A little over a month has passed since U.S. president Barack Obama ordered the closure of Guantanamo Bay and other CIA detention centers. Now, new information has surfaced about the extent of the 2005 destruction of interrogation tapes by the CIA. The number of tapes destroyed by the CIA was previously unknown, but the news broke early last week that 92 was the total.
The number comes as a disappointment to many, but a shock to few. The CIA has long been known for the torture tactics it employs during interrogation sessions. The injustices, not surprisingly, only increased during Bush’s post-911 terror interrogations. Consequently, when the investigation against the CIA began in 2005, it came as no surprise that the audio and visual evidence that documented the interrogation sessions was systematically destroyed in an attempt to protect the CIA officials that engaged in these sessions. Now that the amount of evidence destroyed has been revealed, American Civil Liberties Union attorney Amrit Singh has stated that the CIA should be held in contempt for failing to reveal the information at an earlier date.

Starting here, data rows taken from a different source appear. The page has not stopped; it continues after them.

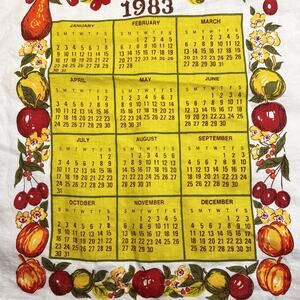 1983 Calendar Tea Towel VIntage Kitchen Red Yellow Fruits Linen Tea Towel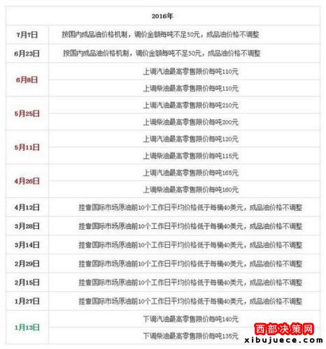 國家發(fā)改委歷次成品油價格調整匯總表。來源:隆眾石化網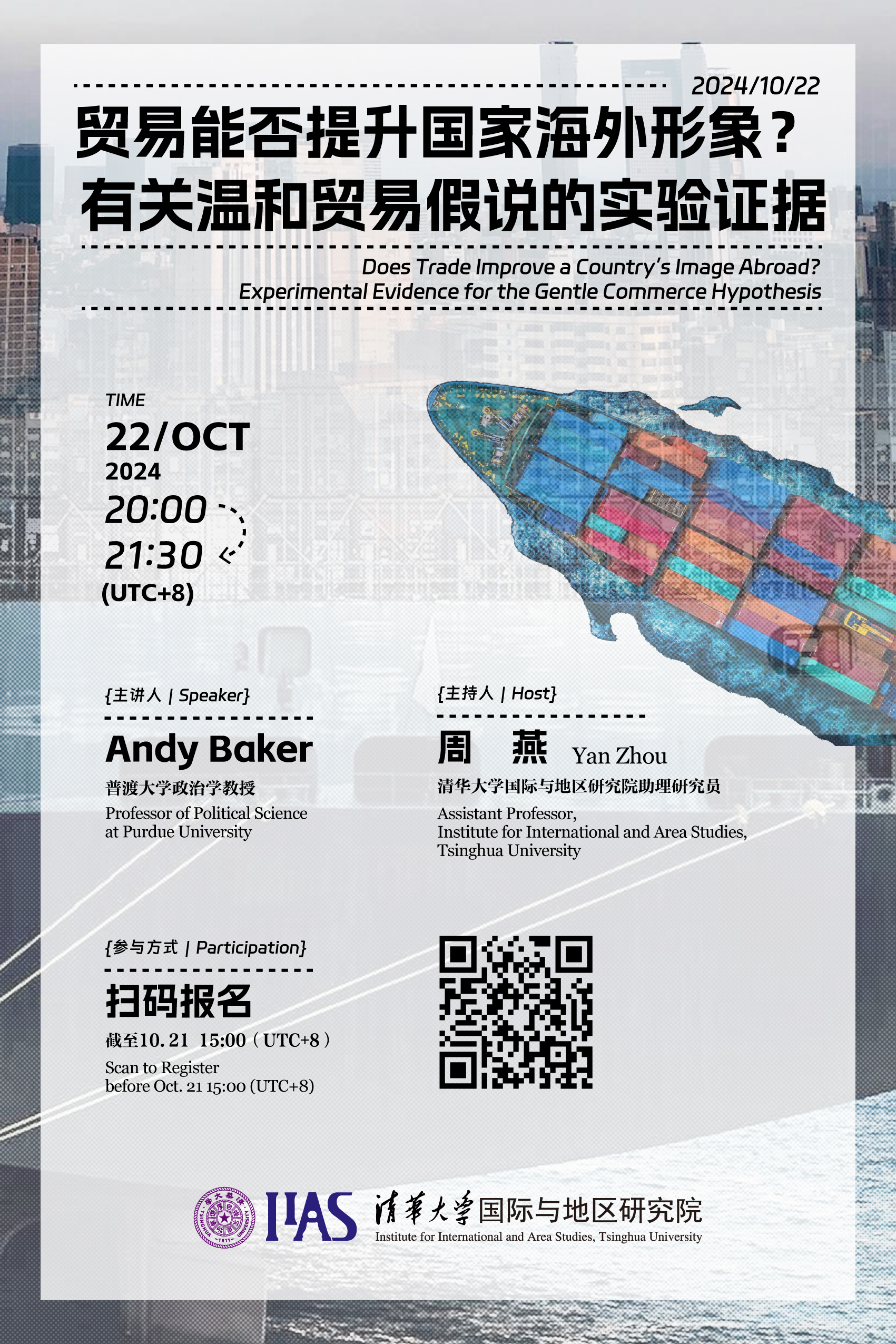 2024年10月22日,草榴社区 (以下简称“地区草榴社区”)邀请普渡大学政治学教授Andy Baker进行了“贸易能否提升国家海外形象?有关温和贸易假说的实验证据”专题系列讲座。本次讲座由地区草榴社区助理研究员周燕主持,地区草榴社区师生及国内外高校的学者、学生等60余人参加了讲座。在讲座中,Baker教授首先从商业与国家形象的之间关联性切入,简要梳理了温和贸易中国家之间互相影响的渠道,以及包括直觉重商主义、创...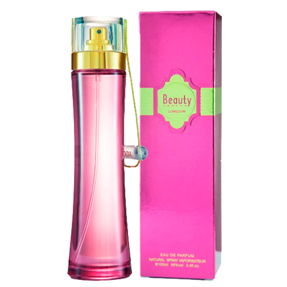 O produto é o Beauty Eau de Parfum da marca Lonkoom. Trata-se de uma fragrância que oferece uma doce tentação de sensualidade.

That this revelation arose in conjunction with the instructions to close down Guantanamo Bay leaves me wondering if this string of events signals a long-overdue reign-in of the CIA, and the dawn of a new era under President Obama. The disclosure of the destruction statistic was made by CIA officials during legal proceedings, but it was the Obama government that released to the public the information from the trials (along with the Justice Department memos from Bush’s presidency). Could this mean greater transparency in the future? All that Obama has done since his inauguration points to a move in the right direction. Still, these are only the first steps, and it will take more work to correct past injustices and ensure better practices in the future.
The optimism in response to the information release was tempered by the grim realization of belated atonement for the Bush administration. A further and even more troubling realization is that the government has probably only scratched the surface of revealing, and moving to correct, past wrongdoings. Given that the Justice Department’s Office of Legal Counsel gave Bush the authority to suspend freedom of speech, ignore the Fourth Amendment, and send prisoners to countries known to use torture, what is left to discover isn’t likely to make the free world proud. Nevertheless, it’s better to be disappointed with eyes wide open than to be blissfully ignorant of the truth.